-------- Given entries --------

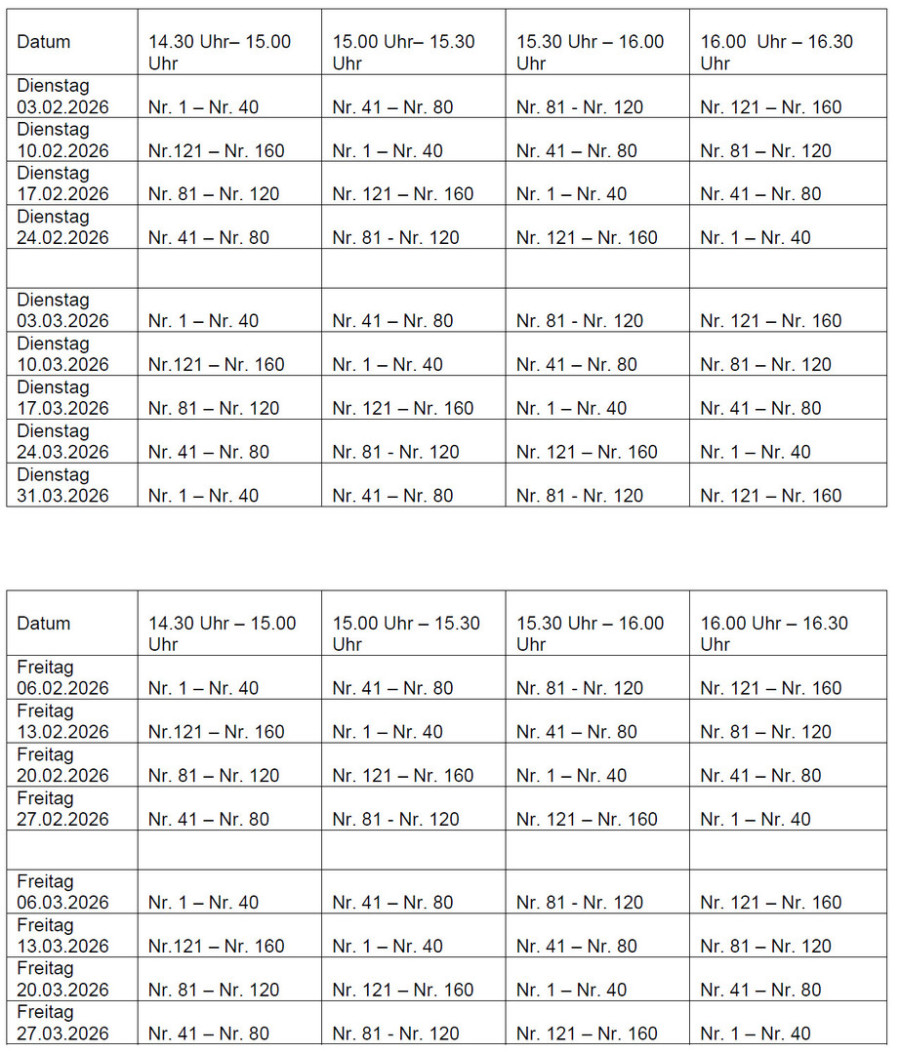 Montag, 02.02.2025 und 02.03.2026, 13.30 Uhr – 14.30 Uhr
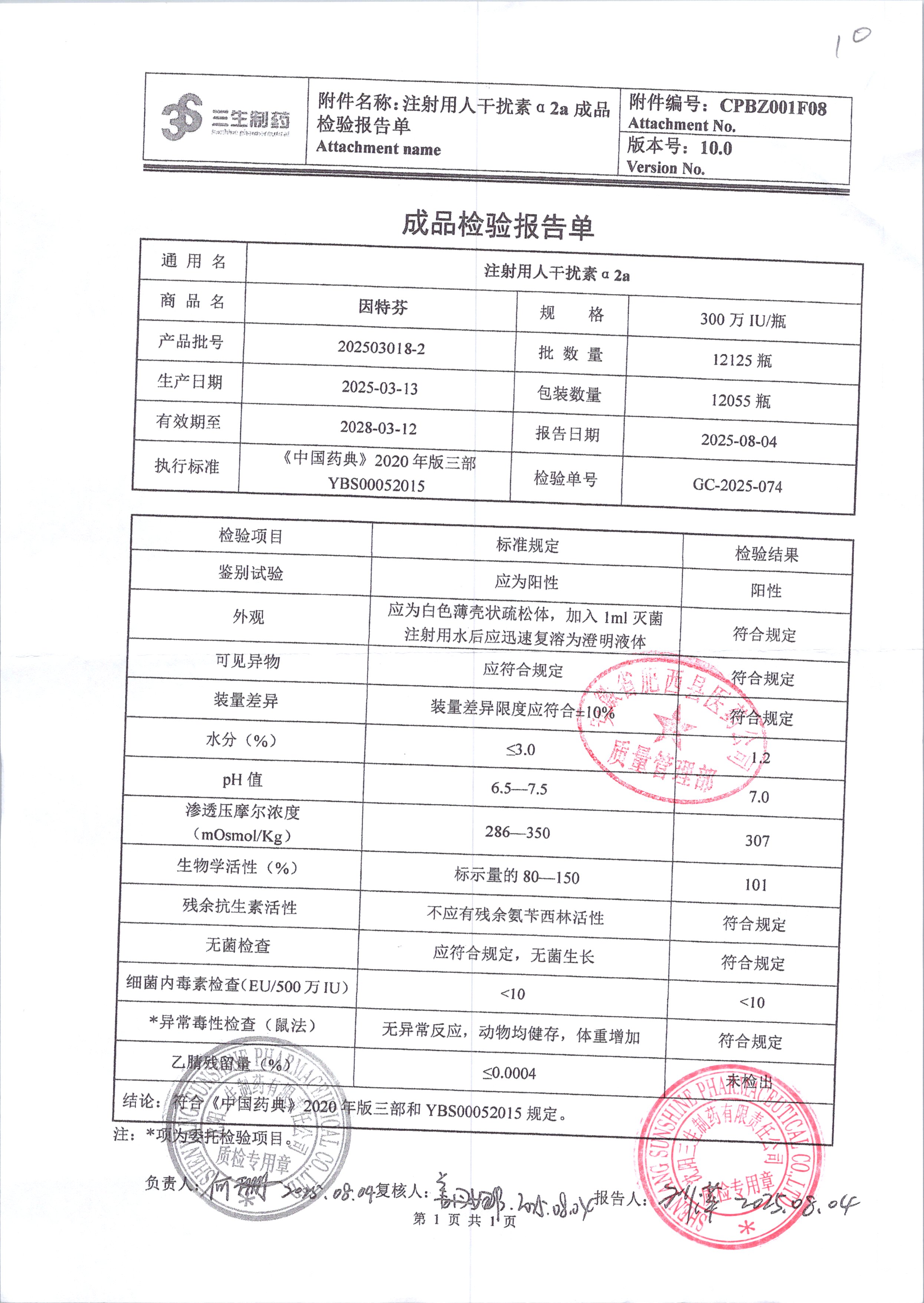 人工干擾素a2a 300萬(wàn) 202503018-2 查看詳情
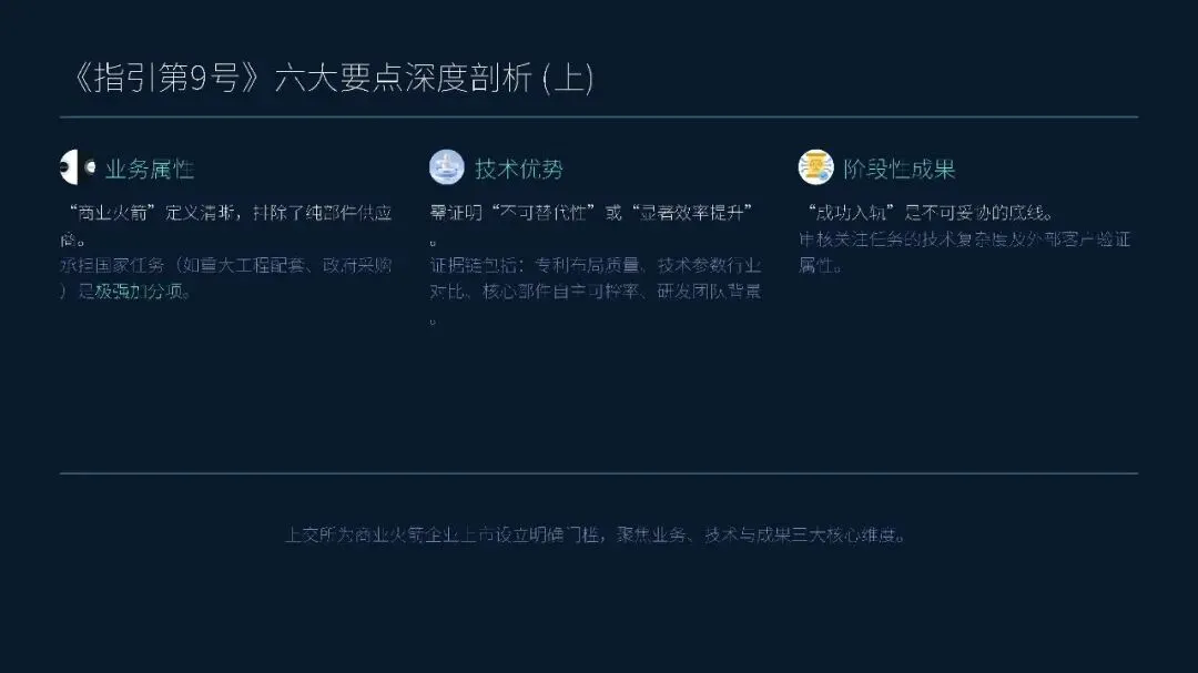 商业火箭企业目前在科创板申请IPO,主要依赖于科创板第五套上市标准。为了精准支持这个行业,上海证券交易所在2025年12月26日发布了专门的《发行上市审核规则适用指引第9号——商业火箭企业适用科创板第五套上市标准》。以下是围绕这份最新指引的实务要点:
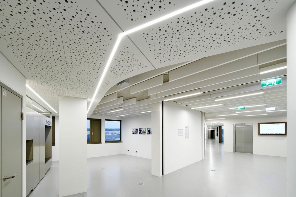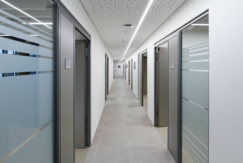 On behalf of the family Handler, Lindner GmbH, as the general contractor for the interior work, was not only responsible for the dry construction, but also supplied and installed double and hollow floor systems with various top coverings. On the ground floor, for example, a heavy-duty floor with Italian stone application was chosen; real wood parquet or linoleum can also be found in the various rooms, while in the sanitary rooms the floor systems were used in hydro design. In order to improve the acoustics of the office areas, Lindner installed 2,500 baffle ceilings. Individual offices were separated by Life pure glass partitions including matching doors.
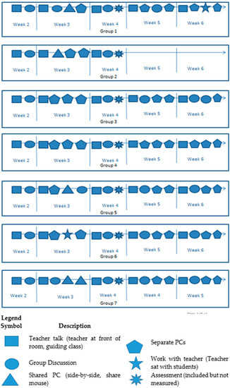 What the results suggest is that the teacher-led activity at the start of each class was used to orient the groups. Some groups followed the teacher activity with a discussion. For instance, each week, Group 7 had a discussion after the teacher activity. We argue that the issue is not whether to scaffold the collaboration and the task, but when and how to scaffold [42]. That is, a degree of scaffolding or guidance is needed to both aspects (collaboration and task), but allowing students to engage with a task without presenting a guided step-by-step task may encourage the activation of non-domain-specific knowledge and recognition of gaps in knowledge. This deeper understanding of the task increases the domain knowledge and problem-solving skills. Enabling students to struggle or make mistakes is often shied away from in education, but as Kolodner [43] suggested, timely feedback and opportunities to re-engage with the task can afford learners with greater opportunities to learn and interpret their experiences.

--------

> [About this exercise]
Transcribe the records above exactly, skipping pictures.

> [Exercise solution]
 Montag, 02.02.2025 und 02.03.2026, 13.30 Uhr – 14.30 Uhr
 人工干擾素a2a 300萬(wàn) 202503018-2 查看詳情
 商业火箭企业目前在科创板申请IPO,主要依赖于科创板第五套上市标准。为了精准支持这个行业,上海证券交易所在2025年12月26日发布了专门的《发行上市审核规则适用指引第9号——商业火箭企业适用科创板第五套上市标准》。以下是围绕这份最新指引的实务要点:
 On behalf of the family Handler, Lindner GmbH, as the general contractor for the interior work, was not only responsible for the dry construction, but also supplied and installed double and hollow floor systems with various top coverings. On the ground floor, for example, a heavy-duty floor with Italian stone application was chosen; real wood parquet or linoleum can also be found in the various rooms, while in the sanitary rooms the floor systems were used in hydro design. In order to improve the acoustics of the office areas, Lindner installed 2,500 baffle ceilings. Individual offices were separated by Life pure glass partitions including matching doors.
 What the results suggest is that the teacher-led activity at the start of each class was used to orient the groups. Some groups followed the teacher activity with a discussion. For instance, each week, Group 7 had a discussion after the teacher activity. We argue that the issue is not whether to scaffold the collaboration and the task, but when and how to scaffold [42]. That is, a degree of scaffolding or guidance is needed to both aspects (collaboration and task), but allowing students to engage with a task without presenting a guided step-by-step task may encourage the activation of non-domain-specific knowledge and recognition of gaps in knowledge. This deeper understanding of the task increases the domain knowledge and problem-solving skills. Enabling students to struggle or make mistakes is often shied away from in education, but as Kolodner [43] suggested, timely feedback and opportunities to re-engage with the task can afford learners with greater opportunities to learn and interpret their experiences.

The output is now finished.